Is it possible to have the maven plugin without the jetty-plus config and stuff running?  Because when we run our war in a standalone jetty without jetty-plus everything works fine but when we use the maven jetty plugin we get the error above.

It seems that versions of the same library are loaded in different classloaders, nasty error.

Jan Bartel · 02/07/2008 at 23:23

Are you running jdk1.6? It sounds similar to this problem:

When you run jetty standalone, are you also using jdk1.6 and have you removed the activation jar from the jetty lib? I’m trying to understand why it would work standalone and not for the plugin.

Anonymous · 03/07/2008 at 07:27

I am running with jdk 1.6.0_10-beta

It is very similar to the problem you stated.  Therefor we thought it was a problem with the plugin as default running with jetty-plus jar in the classpath.

And we thought this was not the case when we ran standalone.
For the standalone version we use the same jdk (btw).

The theory we follow right now: because we use jdk 1.6 the activation.jar is already included in the jdk.  And jetty 6.1 also includes it (because it was not included in jdk 5).  So that is where the problem comes from.

The strange thing is we did not delete the activation.jar out of our standalone jetty setup. So the classpath seems to be different for the maven plugin and the standalone version.

If I run: "mvn -X jetty:run"
Get the following output

Other possibility: it is another dependency that messes things up.  And then we are screwed.

We though maybe with the jetty 7 (pre2) it was maybe better because it is known that the activation.jar is in the jdk.  But it gave the same error.

Jan Bartel · 25/07/2008 at 00:37


The maven plugin does put jetty-plus on the classpath by default (with a transitive dependency on activation.jar), whereas jetty standalone does not by default include jetty-plus – you  have to take extra actions to get those jars onto the runtime classpath.

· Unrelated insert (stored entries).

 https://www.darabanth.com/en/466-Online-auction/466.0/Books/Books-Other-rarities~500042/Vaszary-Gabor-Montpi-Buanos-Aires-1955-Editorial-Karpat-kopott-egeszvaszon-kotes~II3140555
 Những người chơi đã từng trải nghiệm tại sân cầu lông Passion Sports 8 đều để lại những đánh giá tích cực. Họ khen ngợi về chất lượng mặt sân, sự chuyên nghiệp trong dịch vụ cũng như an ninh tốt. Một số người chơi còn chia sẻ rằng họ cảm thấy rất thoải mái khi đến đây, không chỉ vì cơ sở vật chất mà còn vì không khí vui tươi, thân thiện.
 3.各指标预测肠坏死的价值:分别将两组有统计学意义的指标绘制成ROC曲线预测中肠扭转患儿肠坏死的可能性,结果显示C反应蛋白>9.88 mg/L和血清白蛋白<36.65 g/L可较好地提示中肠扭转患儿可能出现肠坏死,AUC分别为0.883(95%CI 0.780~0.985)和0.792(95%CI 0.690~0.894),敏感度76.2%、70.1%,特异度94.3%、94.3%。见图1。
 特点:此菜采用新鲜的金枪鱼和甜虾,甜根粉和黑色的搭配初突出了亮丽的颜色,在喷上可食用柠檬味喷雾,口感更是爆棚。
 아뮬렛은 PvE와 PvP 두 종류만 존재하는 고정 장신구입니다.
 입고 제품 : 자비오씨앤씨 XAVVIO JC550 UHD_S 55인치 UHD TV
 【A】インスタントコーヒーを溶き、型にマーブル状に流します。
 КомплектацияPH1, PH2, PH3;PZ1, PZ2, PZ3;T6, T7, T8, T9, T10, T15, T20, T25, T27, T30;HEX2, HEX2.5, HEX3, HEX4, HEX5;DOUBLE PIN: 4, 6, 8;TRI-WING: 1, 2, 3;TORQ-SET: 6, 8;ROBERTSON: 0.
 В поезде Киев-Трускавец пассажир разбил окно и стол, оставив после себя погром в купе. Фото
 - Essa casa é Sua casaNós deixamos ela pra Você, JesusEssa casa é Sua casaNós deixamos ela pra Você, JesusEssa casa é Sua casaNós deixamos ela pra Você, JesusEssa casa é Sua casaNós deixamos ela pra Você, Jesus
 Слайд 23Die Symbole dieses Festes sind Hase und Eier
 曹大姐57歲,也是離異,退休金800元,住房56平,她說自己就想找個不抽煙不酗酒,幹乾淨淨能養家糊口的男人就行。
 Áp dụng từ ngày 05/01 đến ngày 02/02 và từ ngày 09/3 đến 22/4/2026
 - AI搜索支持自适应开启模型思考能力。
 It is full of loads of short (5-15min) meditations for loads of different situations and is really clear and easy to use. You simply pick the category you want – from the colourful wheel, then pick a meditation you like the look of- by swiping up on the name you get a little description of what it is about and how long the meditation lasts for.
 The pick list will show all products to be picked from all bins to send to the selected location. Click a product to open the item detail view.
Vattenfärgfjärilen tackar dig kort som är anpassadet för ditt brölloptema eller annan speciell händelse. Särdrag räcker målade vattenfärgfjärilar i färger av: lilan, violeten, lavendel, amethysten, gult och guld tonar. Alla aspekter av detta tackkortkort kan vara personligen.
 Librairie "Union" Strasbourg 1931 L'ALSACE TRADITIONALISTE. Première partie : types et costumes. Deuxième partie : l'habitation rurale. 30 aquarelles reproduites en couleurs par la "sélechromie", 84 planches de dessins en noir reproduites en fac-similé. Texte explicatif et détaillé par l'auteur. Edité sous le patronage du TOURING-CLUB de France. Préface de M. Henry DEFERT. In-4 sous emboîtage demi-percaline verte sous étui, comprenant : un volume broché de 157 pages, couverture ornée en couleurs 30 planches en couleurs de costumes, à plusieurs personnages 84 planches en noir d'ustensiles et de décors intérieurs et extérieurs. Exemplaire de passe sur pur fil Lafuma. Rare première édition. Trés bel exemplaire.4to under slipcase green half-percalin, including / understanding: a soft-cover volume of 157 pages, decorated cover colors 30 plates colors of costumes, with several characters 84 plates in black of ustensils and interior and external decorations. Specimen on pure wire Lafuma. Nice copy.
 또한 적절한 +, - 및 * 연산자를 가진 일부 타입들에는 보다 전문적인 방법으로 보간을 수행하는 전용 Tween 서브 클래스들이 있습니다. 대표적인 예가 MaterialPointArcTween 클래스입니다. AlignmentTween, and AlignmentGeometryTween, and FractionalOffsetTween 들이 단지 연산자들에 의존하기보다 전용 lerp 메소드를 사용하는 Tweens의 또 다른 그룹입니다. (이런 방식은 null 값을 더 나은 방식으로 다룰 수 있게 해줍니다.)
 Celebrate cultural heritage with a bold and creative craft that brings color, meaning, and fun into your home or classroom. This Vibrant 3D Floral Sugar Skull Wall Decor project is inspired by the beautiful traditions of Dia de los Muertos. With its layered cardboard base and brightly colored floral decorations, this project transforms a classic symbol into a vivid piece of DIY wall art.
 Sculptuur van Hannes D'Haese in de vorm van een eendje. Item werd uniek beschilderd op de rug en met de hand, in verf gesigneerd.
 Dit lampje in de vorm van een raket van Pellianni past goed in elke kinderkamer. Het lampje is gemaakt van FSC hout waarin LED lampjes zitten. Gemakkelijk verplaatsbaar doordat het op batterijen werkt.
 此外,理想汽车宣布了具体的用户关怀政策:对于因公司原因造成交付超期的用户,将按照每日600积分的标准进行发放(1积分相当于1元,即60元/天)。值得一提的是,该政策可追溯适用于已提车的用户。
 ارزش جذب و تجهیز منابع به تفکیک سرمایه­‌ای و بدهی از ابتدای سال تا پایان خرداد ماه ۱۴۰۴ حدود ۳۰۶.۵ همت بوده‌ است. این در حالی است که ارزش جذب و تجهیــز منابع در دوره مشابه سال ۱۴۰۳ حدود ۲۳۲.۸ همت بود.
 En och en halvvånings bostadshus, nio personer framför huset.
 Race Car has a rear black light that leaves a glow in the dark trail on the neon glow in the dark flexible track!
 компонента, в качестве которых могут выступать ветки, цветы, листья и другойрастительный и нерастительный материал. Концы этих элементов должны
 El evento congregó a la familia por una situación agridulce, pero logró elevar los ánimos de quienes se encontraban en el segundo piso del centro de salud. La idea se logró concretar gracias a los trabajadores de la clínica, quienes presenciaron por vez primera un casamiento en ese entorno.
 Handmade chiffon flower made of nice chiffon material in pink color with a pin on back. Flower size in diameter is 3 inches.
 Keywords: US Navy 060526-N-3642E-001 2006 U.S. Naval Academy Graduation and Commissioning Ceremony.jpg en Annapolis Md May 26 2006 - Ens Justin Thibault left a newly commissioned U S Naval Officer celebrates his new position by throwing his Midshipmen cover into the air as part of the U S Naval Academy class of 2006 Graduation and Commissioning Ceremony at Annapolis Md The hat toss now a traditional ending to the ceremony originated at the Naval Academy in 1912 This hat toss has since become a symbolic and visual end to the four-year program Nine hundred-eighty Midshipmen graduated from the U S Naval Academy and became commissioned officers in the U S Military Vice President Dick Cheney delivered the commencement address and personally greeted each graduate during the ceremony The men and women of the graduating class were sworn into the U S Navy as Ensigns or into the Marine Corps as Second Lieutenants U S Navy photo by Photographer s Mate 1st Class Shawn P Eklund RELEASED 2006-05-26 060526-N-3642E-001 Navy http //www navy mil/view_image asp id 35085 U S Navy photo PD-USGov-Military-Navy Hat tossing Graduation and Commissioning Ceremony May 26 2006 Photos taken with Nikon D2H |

You should be able to simply exclude the activation.jar from the plugin’s classpath.

I took a look at the output you linked to, and you seem to have excluded quite a lot of jars from the plugin’s classpath (possibly too many?).

In any case, the error seemed to be related to a non-existant directory rather than conflicting jar versions.

If you’d like to discuss this further, I suggest we move it over to the jetty mailing list (, where there are a more people who can help/benefit from the discussion.


M Lair · 20/08/2009 at 22:08

Hey Jan! Just wanted to say thanks for the post. I’ve been working through a Maven plug-in classpath issue for literally 3 days straight and was out of ideas when I stumbled upon this. And best of all — it worked! It made my day. Scratch that, it made my whole week. Thanks!